Frammenti di dialoghi, monologhi, frasi solenni... In memoria dell'infanzia... giravano nella sua testa, creando un parco divertimenti... realistico e ancora più inquietante...

"Oliya!" Oliya.. Olesya... La nostra veloce libellula.... Ali di luce... sfuggente... "La mia ragazza..."

– E non l'abbiamo vista... Sì, c'era... a una festa... E poi, se n'è andata... Sono partito in macchina... Non sappiamo dove... ha detto che dovrebbe tornare a casa..." Sbottando tutto questo, l'amica di scuola di Olia, dipinta oltre la sua età, fissò il giovane dai capelli rossi e lui le fece l'occhiolino giocoso...
"No, questa volta non l'ho accompagnata io... decise di guidarsi da sola... Guidava una buona macchina... – e di nuovo – una risata...

Per quanto tempo piangono i fiori della vita... Piena di speranze e sogni? …

Nick, in questo momento terribile per sé stesso, li odiava... Voleva... Volevo dolorosamente, letteralmente, morderli con i denti... vendicare l'indifferenza, spaventare questi adolescenti insolenti affinché l'arroganza sparisse dai loro volti ben curati...
Ma cosa poteva fare?

"Come?! Come potrebbero essere amici della mia Olesya?! O ho trascurato qualcosa...? Non so una cosa... Perché le ho comprato questa macchina? Non aveva nemmeno la patente..., sì... Guidava bene... Ho insegnato... Mi ha supplicato... per sicurezza... per non camminare su strade buie... Per... Era accompagnata da un'amica che aveva già la patente.... Quella mediocrità dai capelli rossi! Mi ha convinto... Sono uno sciocco... Sciocco... Cosa è successo lì?
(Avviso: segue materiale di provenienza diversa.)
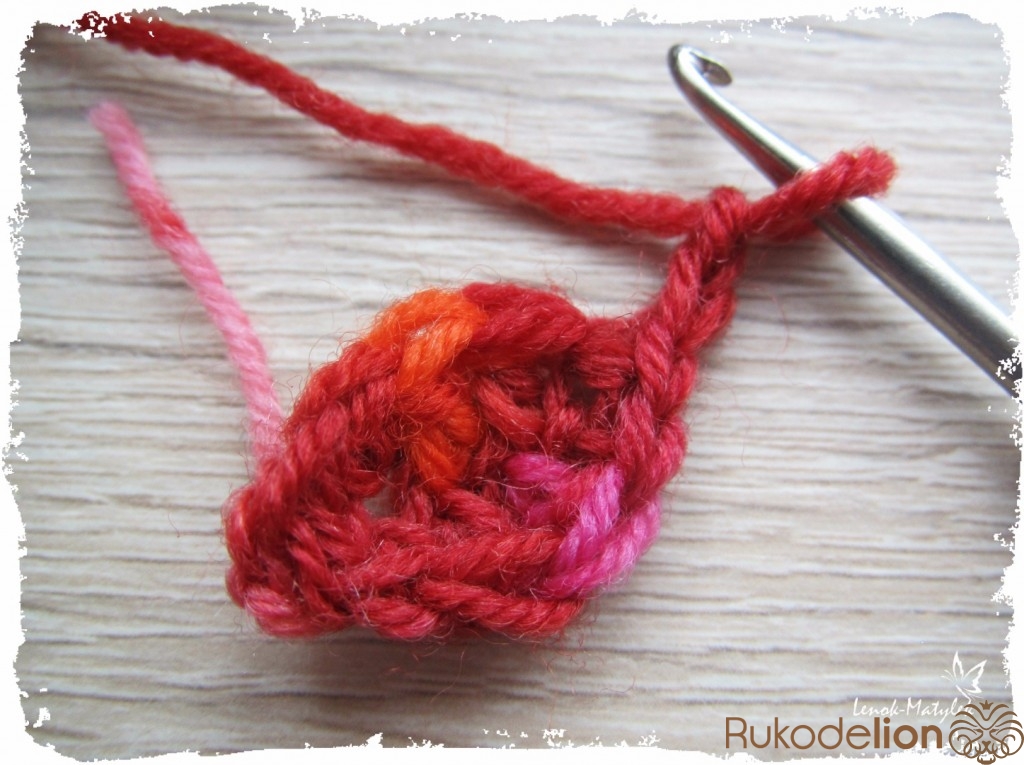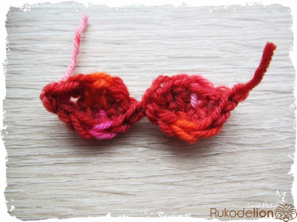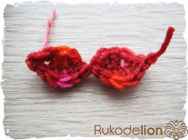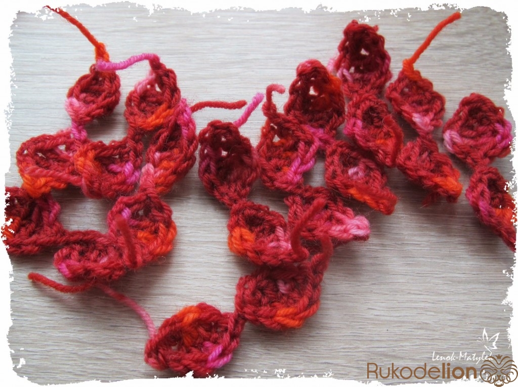 Приступаем к изготовлению листиков для наших розочек. Мы их свяжем при помощи цветной пряжи и крючка для вязания №3.
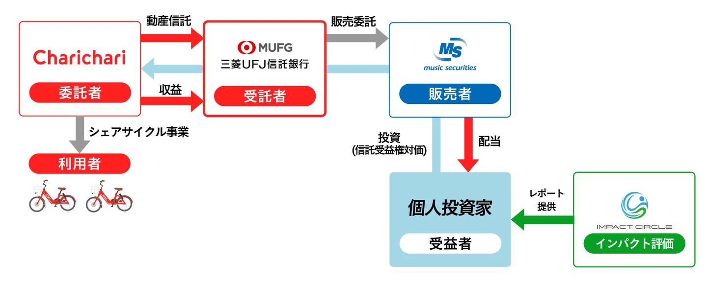 チャリチャリ×三菱UFJ信託銀行×インパクトサークル×ミュージックセキュリティーズの4社が連携し、地域の課題を地域の投資で解決する国内初の金融モデルを実現
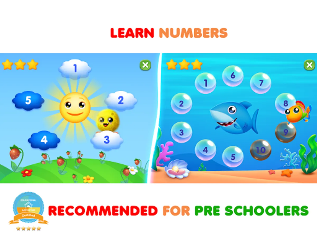 Kids will discover many places for interesting learning in our 1, 2, 3, 4, 5 and 6 year old kids games:
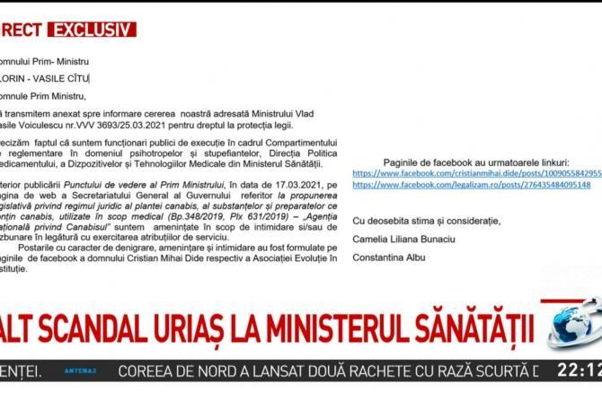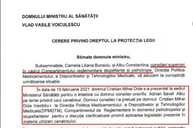 Doi consilieri din Ministerul Sănătății cer PROTECȚIE, după o discuție cu protestatarul Dide despre cannabis - Document
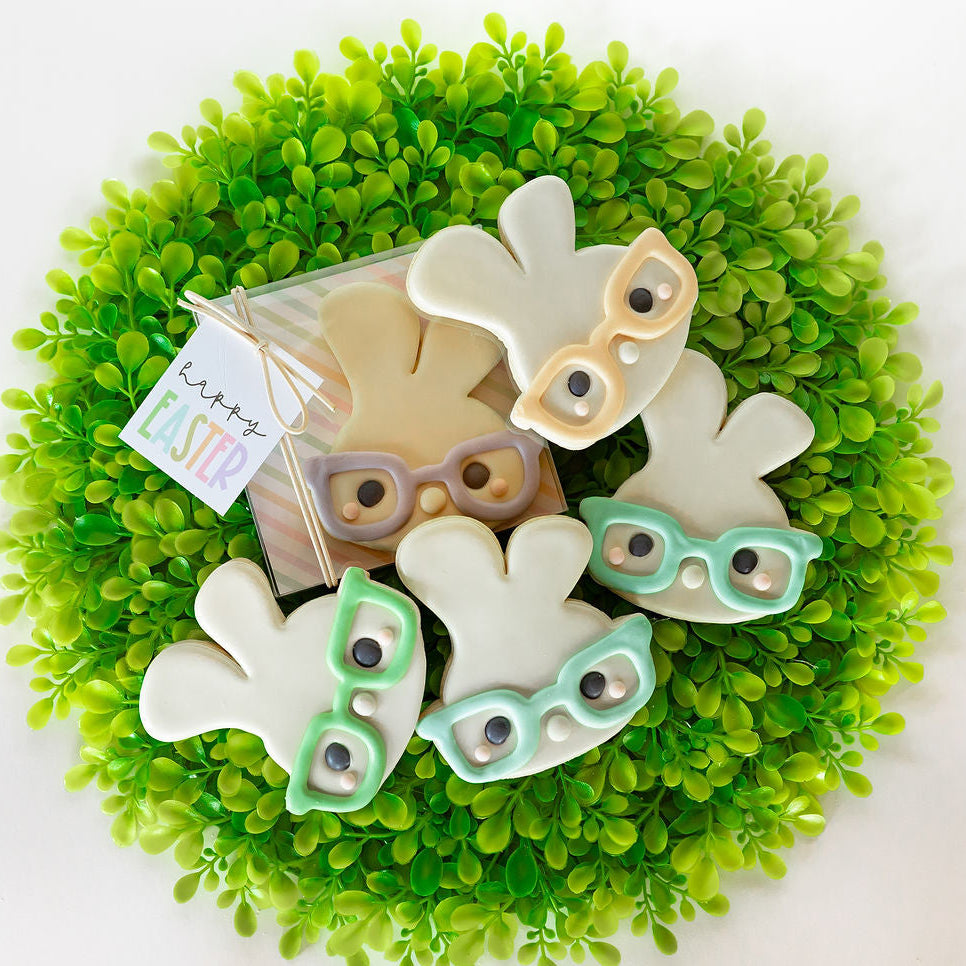Sweet, handsome and ready for Easter. Individually heat sealed. Packaged in a 4.5” x 4.5” clear box with coordinating backer, stretch loop bow and tag. Cookie is approximately 4”.
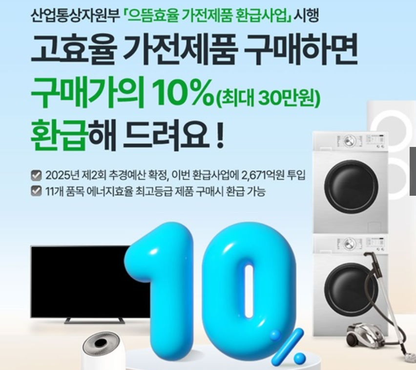 2025년 으뜸효율 가전제품 환급사업은 2025년 7월 4일 이후 고효율 가전제품을 구매한 소비자를 대상으로, 구매가의 10%를 환급해주는 제도입니다. 다만, 환급 금액은 최대 30만원으로 제한됩니다.
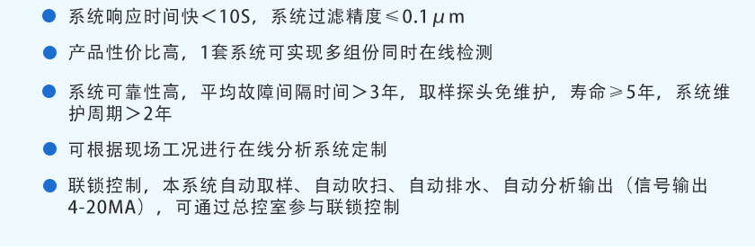 TY-8300型煤氣在線分析系統(tǒng)是天禹智控自主研發(fā)新型在線監(jiān)測系統(tǒng),該產(chǎn)品基于非分光紅外(NDIR)氣體分析技術(shù)、長壽命電化學(xué)傳感技術(shù)以及基于MEMS的熱導(dǎo)技術(shù),可同時(shí)在線測量煤氣的熱值,以及CO、CO2、CH4、H2、O2、CnHm等氣體的體積濃度。預(yù)處理系統(tǒng)采用冷干法設(shè)計(jì),關(guān)鍵部件采用原裝進(jìn)口,可根據(jù)現(xiàn)場不同的工況條件,為客戶定制解決方案,保證分析系統(tǒng)的可靠運(yùn)行。
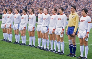 | Сборная СССР по футболу: Владимир Мунтян, Владимир Трошкин, Владимир Онищенко, Евгений Ловчев, Виктор Звягинцев, Леонид Буряк, Олег Блохин, Владимир Веремеев, Анатолий Коньков, Евгений Рудаков и капитан команды Михаил Фоменко, 1976 год |
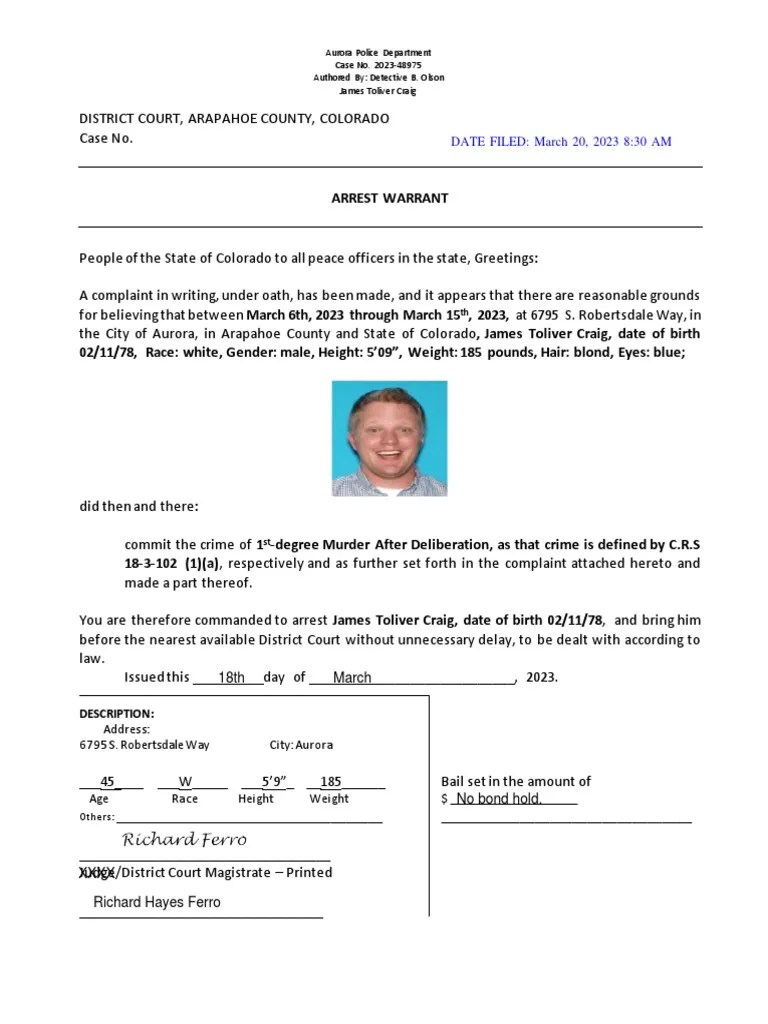 James Craig Arrest Affidavit - Web the arrest affidavit said that the investigation into craig started after his dental practice partner mentioned to a. Web james toliver craig, 45, was arrested early sunday morning by officers with the aurora police department's major. Web you are therefore commanded to arrest james toliver craig, date of birth 02/11/78, and bring him before the nearest available. Web through all of this, dr craig was making travel plans with and sending “sexually explicit” emails to an. Web the arrest affidavit said that the investigation into craig started after his dental practice partner mentioned to a.
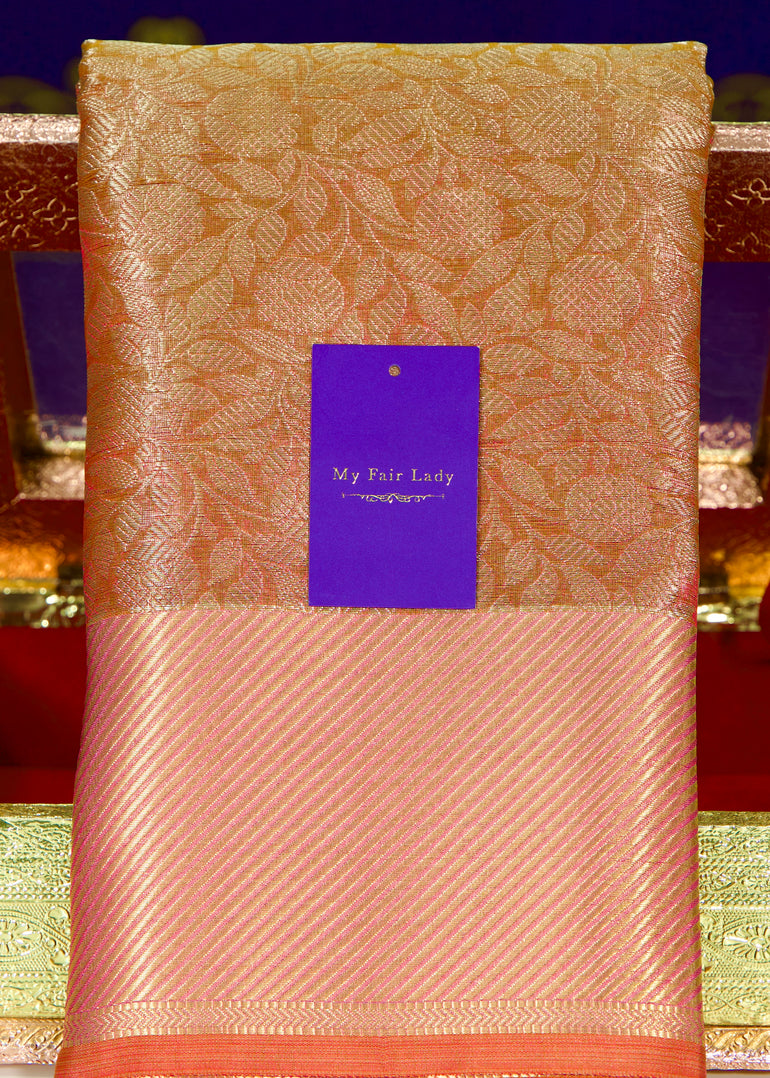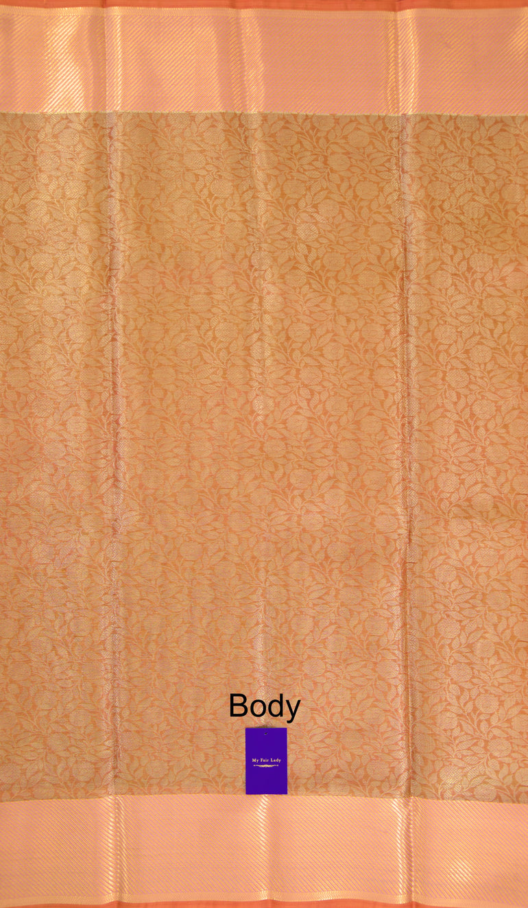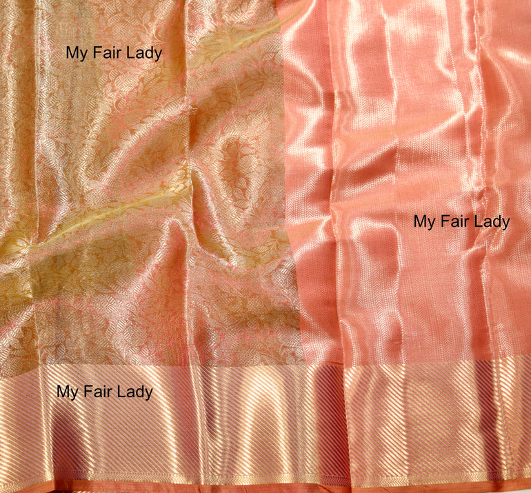 Brocade Tissue Semi-Silk Saree Pinkish Orange Colour - [Code 879]
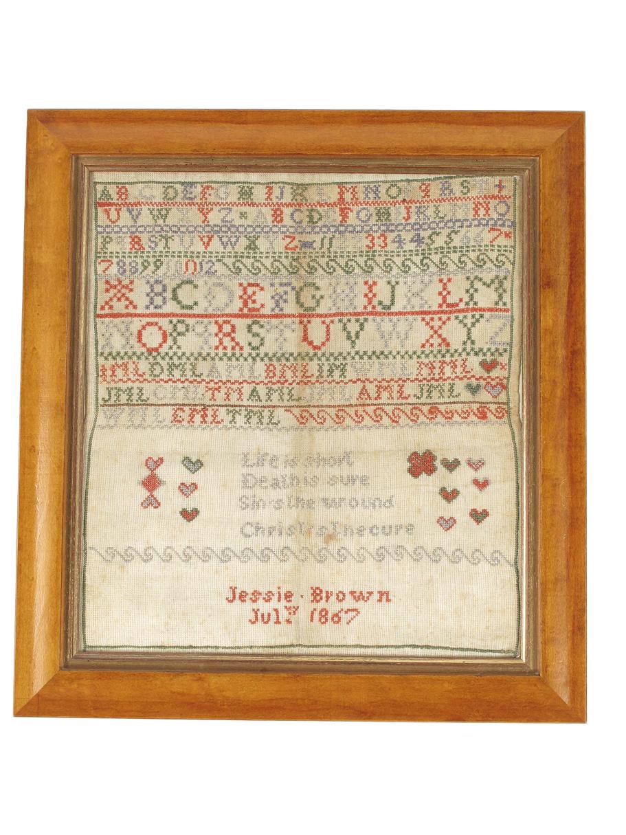 A Victorian needlework sampler, by Jessie Brown, July 1867, worked with alphabets, numbers, hearts and a verse 'Life is short, Death is sure, Sin's the wound, Christ's the cure', 13.25 x 12in (33.8 x 30.5cm), in a later glazed bird's eye maple frame.
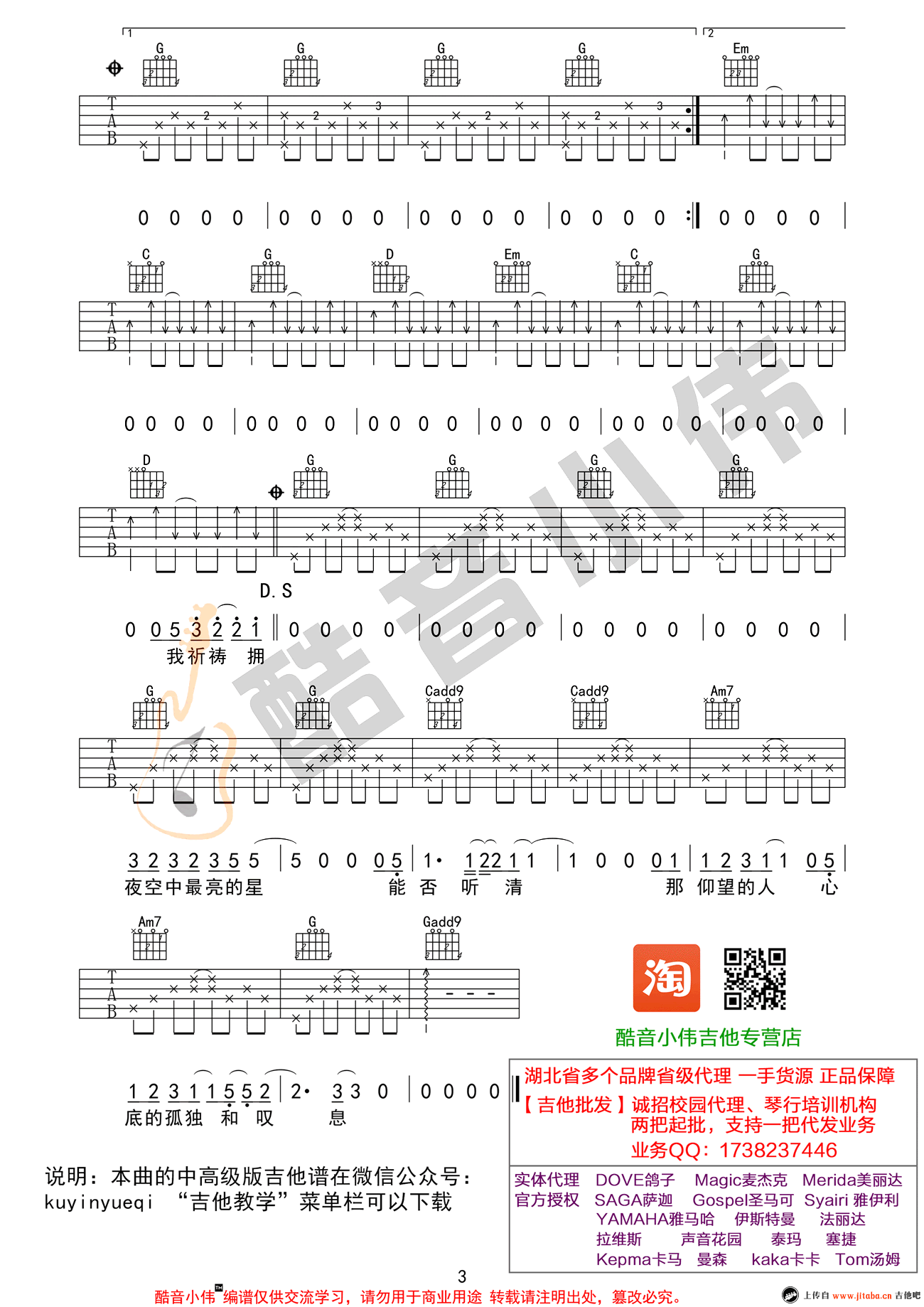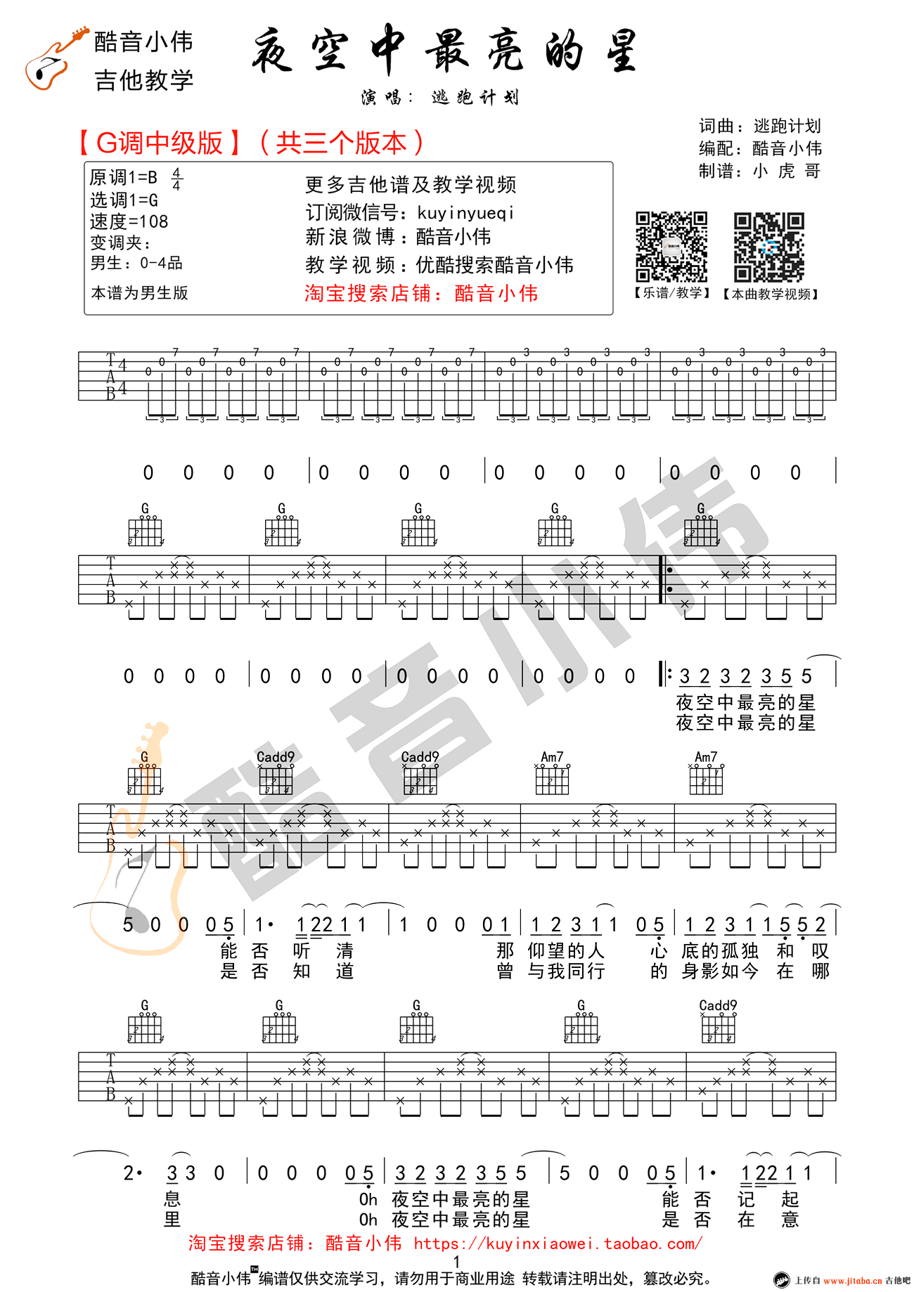 曲谱介绍: 夜空中最亮的星吉他谱,G调指法编配,男生版中级版吉他教学。逃跑计划乐队的一首经典代表歌曲,夜空中最亮的星六线谱,三张图片谱完整谱例。小伟老师也为琴友们准备了A调指法的中高级版本,大家感兴趣可以移步练习。夜空中最亮的星吉他谱_A调原版_弹唱教学视频

Ora non c'è differenza..."

Il poliziotto e l'assistente sociale sembravano soddisfatti della risposta della fidanzata dipinta e del ragazzo dai capelli rossi... Quasi contemporaneamente, si alzarono nelle spalle e, avendo detto di non camminare fino al buio, chiusero la questione...

OLIA

Così chiamava la sua amata figlia Olesya – Olienka... La mia libellula...

"Ho fatto tutto... Ho fatto tutto quello che potevo... - i pensieri mi hanno strappato la testa, intrecciati uno sopra l'altro... intrecciati da un cappio... stringermi la gola...

"Papà Nick – come rideva quando lo chiamava così...!"

PAPÀ NICK

La mamma non la chiamava per nome.... No.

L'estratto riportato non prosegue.